If the story leads me up a staircase in the dark
on missions ordered by untrustworthy relatives,
if night is protected by two riders approaching
if the afternoon sun glitters on signs of broken glass
Pointing to forests where beautiful nymphs
are burned at the stake
for the crime of being free.
If I sit by a wandering stream
looking for candid flies
under the clear water,
I will not square off my tale
to fit your meter nor your form.
I am not afraid of your squared off god,
he will never enter
the round rooms of my soul.
January 9, 2025
Sometimes in a Magazine
sitting on the bench reading a book
and sometimes stopping to look
at the pictures in some New York magazine.
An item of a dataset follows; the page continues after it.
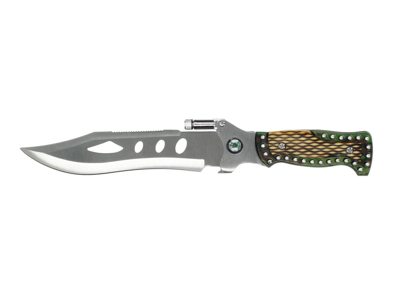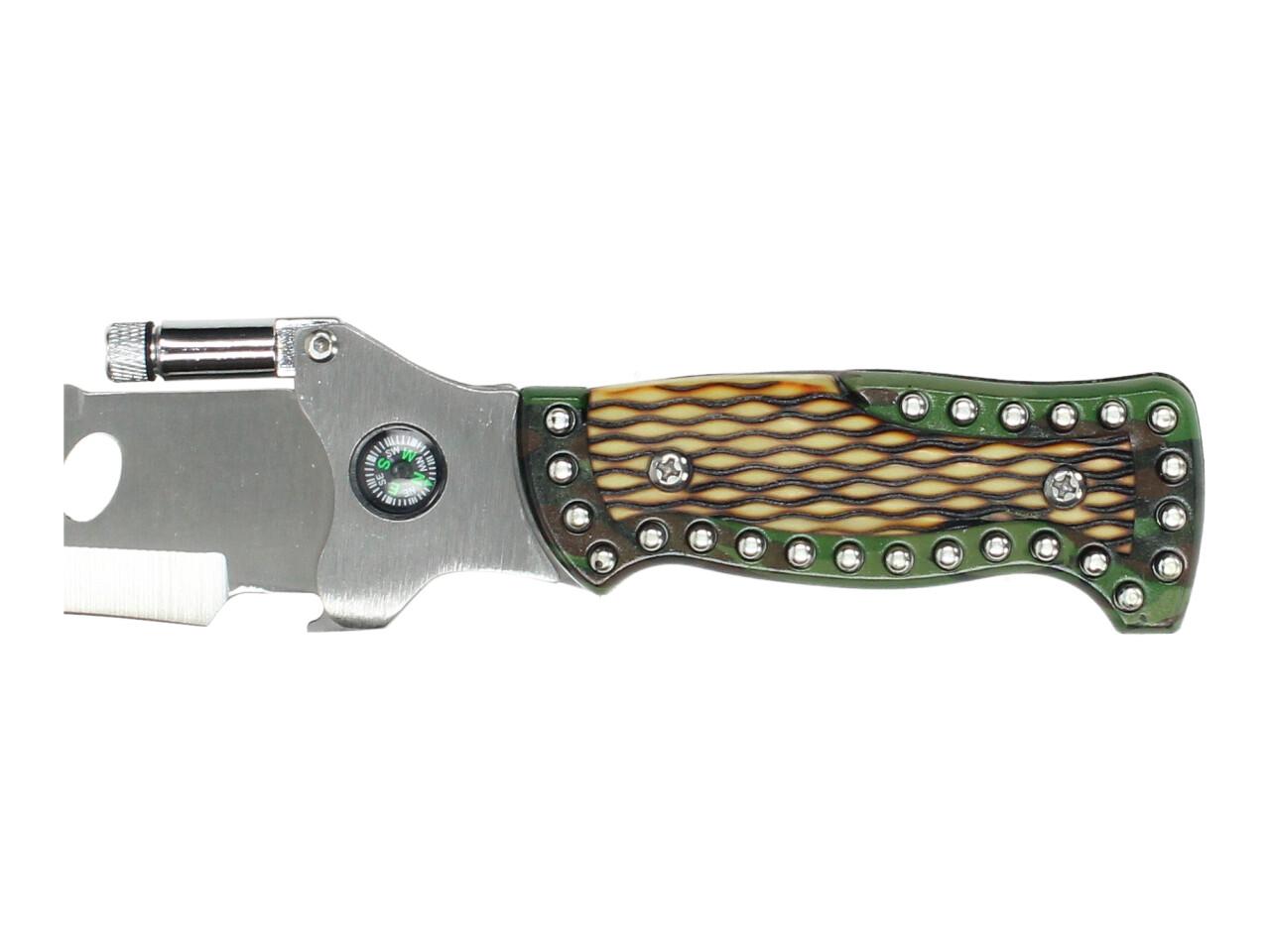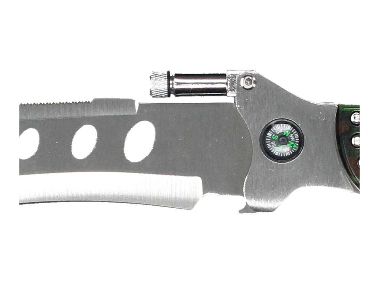 Nůž 3v1 je praktický pomocník pro běžné outdoorové použití, kempování, pobyt v přírodě nebo jako zajímavý doplněk výbavy. Kromě samotné čepele nabízí také integrovanou mini svítilnu, kompas a pilku na hřbetu čepele, takže spojuje více funkcí v jednom nástroji.

Never been there and hardly even read what it says,
but the art goes well with my coffee, or at least
that’s what you told me one time
I drink my coffee black
from a bottle of Mogen David
wrapped in yesterday’s newspaper.
Sitting here in a cross-town road in Nevada,
I like the whole “I’m from the big city” thing,
though pretty sure everybody knows I’m lying.
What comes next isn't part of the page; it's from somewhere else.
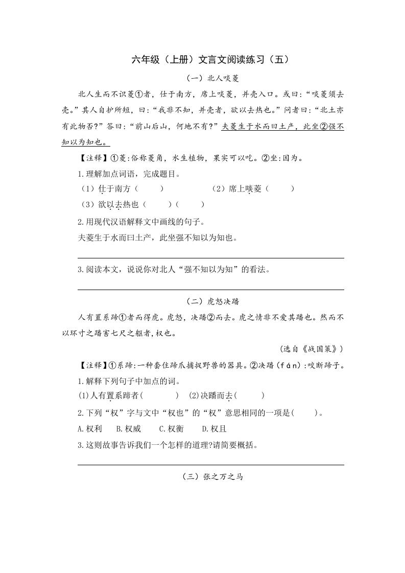 六上语文【文言文阅读练习】

Greyhound is gonna take me away,
but I’m going back to Birmingham
not no yankee town.
The sign says Elko, but I don’t know,
thinking about Led Zeppelin
and not being able to trust the signs
and about Bobby’s Lily
thinking about the law
come on greyhound, carry me away!
January 4, 2025
Pizza on the Alter
On the alter that is the entrance to Rio
gulls and sparrows search for pizza crusts
and bits of pasta amongst the empty beer cans
while others raid the dumpster
and dream of a paradise more grand than this.
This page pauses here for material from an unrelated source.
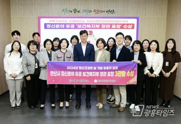 [광흥타임즈 = 조수제 기자] 안산시는 양 보건소(상록수·단원보건소)와 안산시정신건강복지센터가 시민 정신 건강 보호와 자살 예방에 기여한 공로를 인정받아 보건복지부 장관 표창을 수상했다고 15일 밝혔다.

I stand under the arch and wonder
who thought this structure was a good idea,
an arch between nowhere and nothing,
I have eaten there myself
a lifetime ago, though I had to pay
for my pizza on a cold sunny afternoon
and drank my beer from a thermos.
January 3, 2025
The Blessing
F.U.&.K. CANCER,
is a popular saying,
about five months ago
I found out I had stage four
liver and pancreatic cancer
at first we thought I had
only a few months to live
but it turned out the cancer
wasn’t garden variety super
deadly pancreatic cancer
oddly my cancer is more often
found in lungs, which is scary
but it is slower growing
now the doctor says I may have a few years
years, not months, that’s a blessing
but the main blessing is the cancer itself,
the knowing I am dying before I turn seventy
the doctor admitted I am doing better
he said, looking back, in August,
he thought I might be gone by now.
The thing is, now I know a secret:
everyday, even with nausea, headaches,
cramps and digestive issues, I am lucky,
life is wonderful, the air is delicious,
the companionship of friends
and the love of family are sweet
so whether I have 100 days
or five years, I am grateful
we are all dying, we all have cancer
and yet, I am blessed to know, to see
the short days I have left are all
magical, wonderful, truly a gift,
a gift for living, not grieving.
December 29, 2024
The Homeless Sportscaster
recalls when the tiktok world was free
and the glory of videos were not blemished
by wild attacks on all things Chinese.
Small-minded Americans believe the lies,
the lies about immigrants, about China,
about Palestine and the transgendered
folks needing to pee.
In this brave new world where Nazis
are elected by the best people,
the white people, the real Americans,
the real English and the alternatively real Germans,
we are all going to be so safe from everything
that could never have hurt us.
I look at my white face in the mirror
and feel so safe, for the world is becoming great again,
though he died today so we may never know the final score.
Hellman’s by Marriage
We only use Hellman’s in our house,
I grew up on Kraft, don’t get me wrong,
I wanted Hellman’s ever since the 1970s
when I saw the commercial of the poor guy
trying to make a midnight sandwich,
only to find his Hellman’s jar was empty,
and the store was closed so he put the bread and meat
back up and went to bed hungry,
“Bring Out Your Best” and all.
Tonight, I was making a 4 am dressing sandwich
and reading the jar as I ate.
Somehow, Hellman’s is “the Best West of the Rockies”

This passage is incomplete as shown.